**WORK TO BE COMPLETED:**
Exclude all pictures from your copy of the data below, which should otherwise match exactly.

**DATA SECTION:**
——————
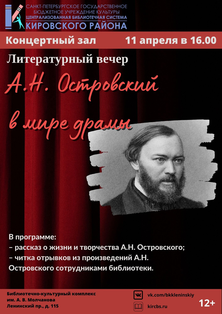 11 апреля в 16.00 в концертном зале Библиотечно-культурного комплекса им. А. В. Молчанова состоится Литературный вечер "А. Н. Островский. В мире драмы".
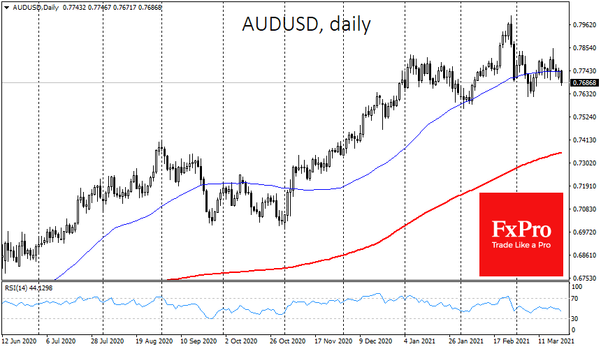 В связи с этим ощущается давление на чувствительные к риску валюты. Так, австралийский и новозеландский доллары теряют 0.7% и 1.2% к доллару США соответственно. Одновременно японская иена укрепляется к большинству конкурентов, вернувшись ниже 109 за доллар и 130 за евро.
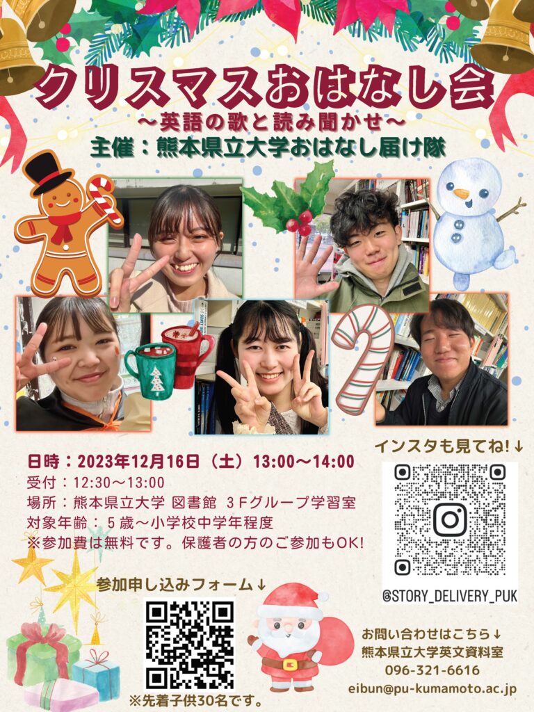 おはなし届け隊が熊本県立大学図書館にて、下記の英語読み聞かせのイベントを実施します。 お申込みはこちらまで (先着30名様)。皆さんにお会いできるのを楽しみにしています! この記事をシェアする シェア Tweet
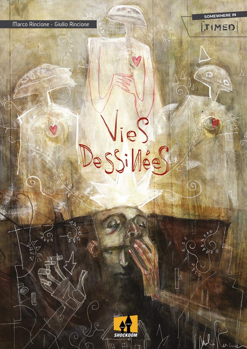 Vies dessinées est un album singulier édité par Shockdom et réalisé sous l’émotion fraternelle des textes de Marco Rincione (Poly-A) et des dessins/couleurs de Giulio Rincione (Le cœur de la cité). Sa lecture nous propose une perception du monde extérieur qui entraîne une représentation intime de ce que l’on vit, de ce que l’on rencontre dans notre propre perception à la société qui nous entoure.
——————
**RESULT FOR THIS EXERCISE:**
 11 апреля в 16.00 в концертном зале Библиотечно-культурного комплекса им. А. В. Молчанова состоится Литературный вечер "А. Н. Островский. В мире драмы".
 В связи с этим ощущается давление на чувствительные к риску валюты. Так, австралийский и новозеландский доллары теряют 0.7% и 1.2% к доллару США соответственно. Одновременно японская иена укрепляется к большинству конкурентов, вернувшись ниже 109 за доллар и 130 за евро.
 おはなし届け隊が熊本県立大学図書館にて、下記の英語読み聞かせのイベントを実施します。 お申込みはこちらまで (先着30名様)。皆さんにお会いできるのを楽しみにしています! この記事をシェアする シェア Tweet
 Vies dessinées est un album singulier édité par Shockdom et réalisé sous l’émotion fraternelle des textes de Marco Rincione (Poly-A) et des dessins/couleurs de Giulio Rincione (Le cœur de la cité). Sa lecture nous propose une perception du monde extérieur qui entraîne une représentation intime de ce que l’on vit, de ce que l’on rencontre dans notre propre perception à la société qui nous entoure.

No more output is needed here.